Кристо пока был наименее заинтересованным лицом во всей этой сцене. Во-первых, местность вокруг изобиловала вкусной едой. Во-вторых, он никогда в жизни не интересовался катастрофами, которые происходят в родной стране — ну, конечно, пока они прямо не касались его драгоценной тушки. Наконец, его мозг не очень-то был приспособлен — вмещать такое количество информации. Может, еще выводы прикажете делать?

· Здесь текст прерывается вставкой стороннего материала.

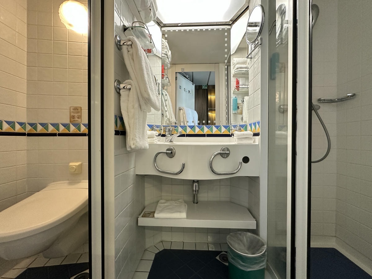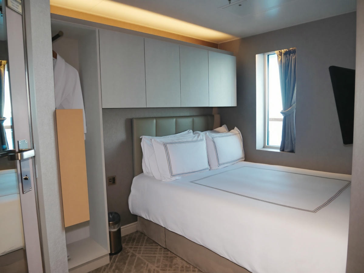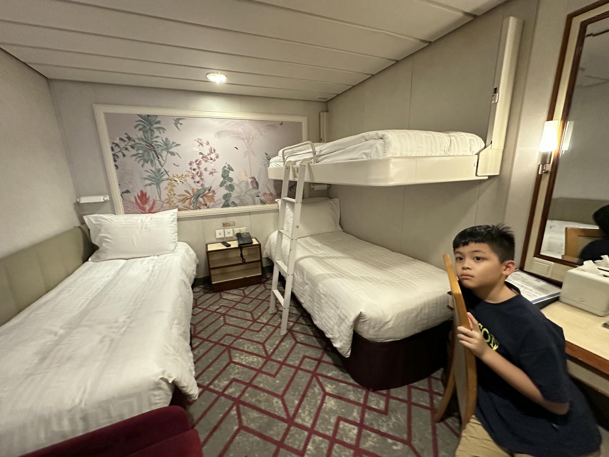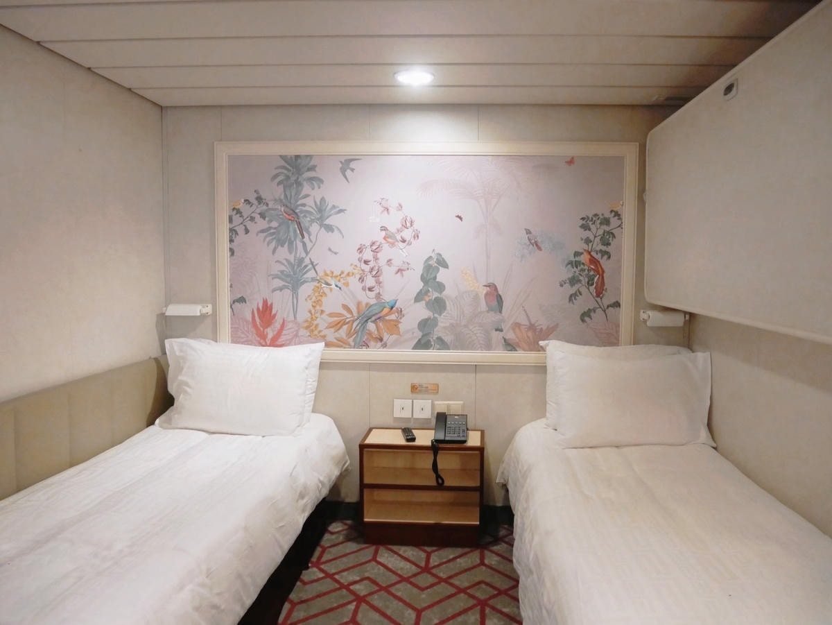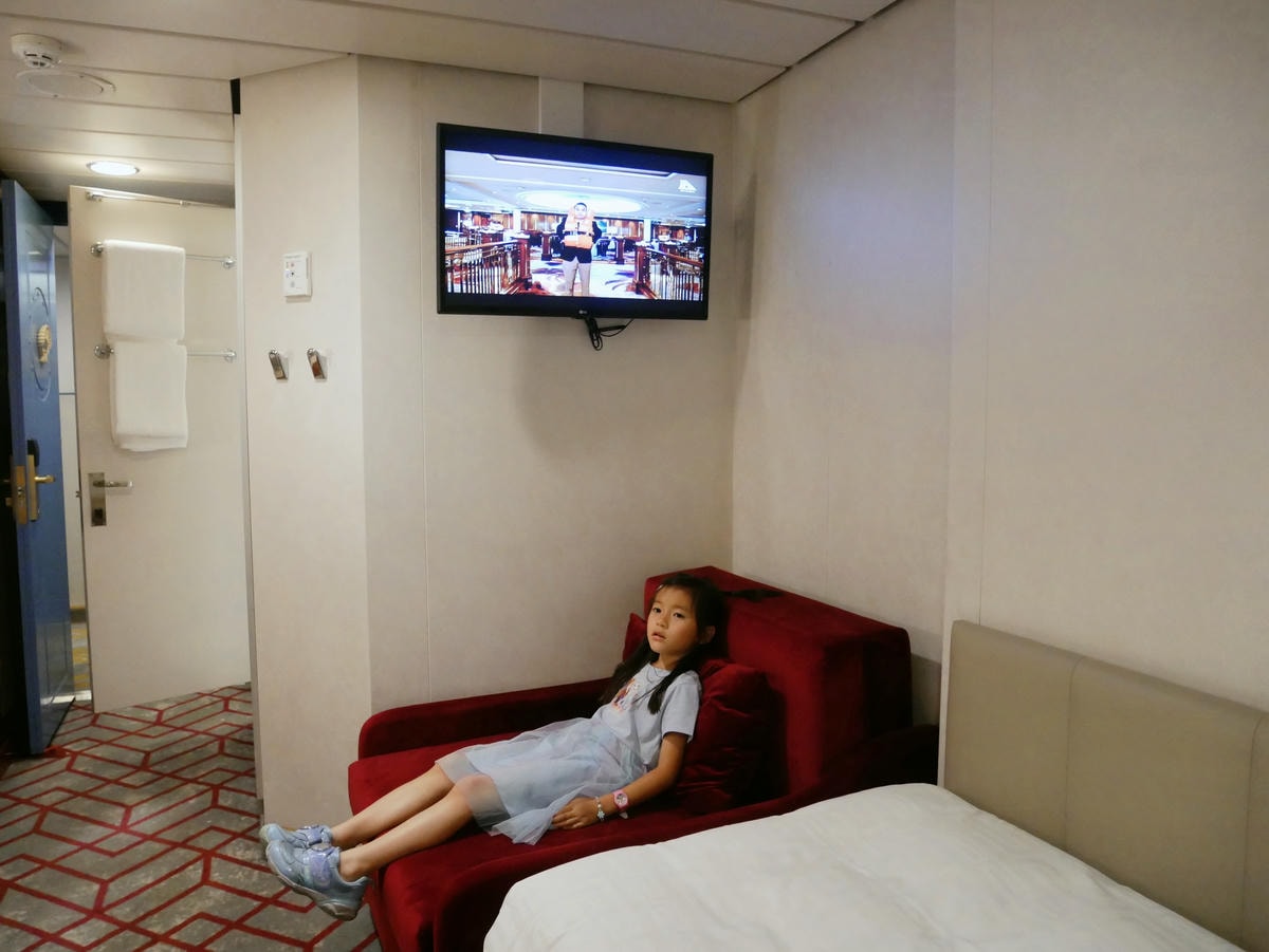 內艙房面積約12平方米,這是最經濟實惠的選擇,適合喜歡睡到自然醒,不想被陽光打擾或者只想享受郵輪設施的家庭成員。這次我們是幫長輩選兩張單人床的房型,中間走道行李箱攤開都沒有問題。

Ага, нет уж, спасибо, а то не успеешь оглянуться — на башке парик, в руках свирелька, и ты читаешь Фелле Бестии элегии под луной.

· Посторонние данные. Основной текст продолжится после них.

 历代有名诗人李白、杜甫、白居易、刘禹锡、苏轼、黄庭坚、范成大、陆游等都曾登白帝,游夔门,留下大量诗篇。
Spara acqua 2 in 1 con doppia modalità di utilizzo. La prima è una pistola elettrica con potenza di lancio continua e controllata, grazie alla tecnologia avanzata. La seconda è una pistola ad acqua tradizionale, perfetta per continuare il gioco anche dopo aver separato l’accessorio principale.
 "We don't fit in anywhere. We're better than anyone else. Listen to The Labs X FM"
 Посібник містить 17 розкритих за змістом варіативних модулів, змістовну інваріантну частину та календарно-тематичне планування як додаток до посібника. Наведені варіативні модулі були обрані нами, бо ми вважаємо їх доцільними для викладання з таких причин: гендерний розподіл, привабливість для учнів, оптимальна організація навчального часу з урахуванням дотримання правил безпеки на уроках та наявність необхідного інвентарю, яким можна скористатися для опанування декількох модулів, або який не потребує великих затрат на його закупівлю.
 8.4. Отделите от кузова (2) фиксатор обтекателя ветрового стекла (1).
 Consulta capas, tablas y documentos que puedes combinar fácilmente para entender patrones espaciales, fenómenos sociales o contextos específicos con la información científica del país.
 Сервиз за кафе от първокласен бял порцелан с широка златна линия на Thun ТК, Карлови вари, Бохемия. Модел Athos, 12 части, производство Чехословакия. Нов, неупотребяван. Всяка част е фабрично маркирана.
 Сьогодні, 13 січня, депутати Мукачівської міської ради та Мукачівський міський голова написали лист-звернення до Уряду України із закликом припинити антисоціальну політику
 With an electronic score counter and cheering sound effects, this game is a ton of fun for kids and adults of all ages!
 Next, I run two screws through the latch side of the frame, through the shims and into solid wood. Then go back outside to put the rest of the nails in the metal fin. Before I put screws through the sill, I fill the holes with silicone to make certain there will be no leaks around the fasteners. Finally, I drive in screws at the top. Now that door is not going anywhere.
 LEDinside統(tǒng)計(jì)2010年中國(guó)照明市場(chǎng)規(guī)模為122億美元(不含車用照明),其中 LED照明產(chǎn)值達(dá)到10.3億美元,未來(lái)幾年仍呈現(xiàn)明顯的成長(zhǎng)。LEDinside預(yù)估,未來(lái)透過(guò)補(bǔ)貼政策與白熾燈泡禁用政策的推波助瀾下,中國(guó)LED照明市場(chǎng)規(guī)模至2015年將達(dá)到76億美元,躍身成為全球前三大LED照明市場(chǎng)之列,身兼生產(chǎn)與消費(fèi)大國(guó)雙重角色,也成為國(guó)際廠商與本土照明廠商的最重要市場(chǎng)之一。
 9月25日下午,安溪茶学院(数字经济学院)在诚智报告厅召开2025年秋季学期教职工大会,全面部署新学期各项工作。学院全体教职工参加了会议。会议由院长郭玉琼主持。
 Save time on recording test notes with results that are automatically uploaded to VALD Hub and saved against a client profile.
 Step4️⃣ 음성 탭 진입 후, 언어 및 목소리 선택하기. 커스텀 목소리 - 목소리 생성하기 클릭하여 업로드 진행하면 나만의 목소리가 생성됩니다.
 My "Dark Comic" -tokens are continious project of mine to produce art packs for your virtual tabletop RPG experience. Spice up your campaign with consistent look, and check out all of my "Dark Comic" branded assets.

Потому Кристо просто пялился на собеседников с таким озадаченным видом, что Дара наконец не выдержала и сформулировала:
— Пока что Семицветник был уверен, что имеет дело с какими-то бунтарями вроде контрабандистов. Магистры считали, что Арктурос возродили те, кому он нужен для какой-то своей цели — власти, денег… Но если в стране еще остались сторонники Холдона, то есть,
— Как у Холдона, что ль? — немного подумав, спросил Кристо. Увидел, как побелела Бестия, и понял, что попал в точку.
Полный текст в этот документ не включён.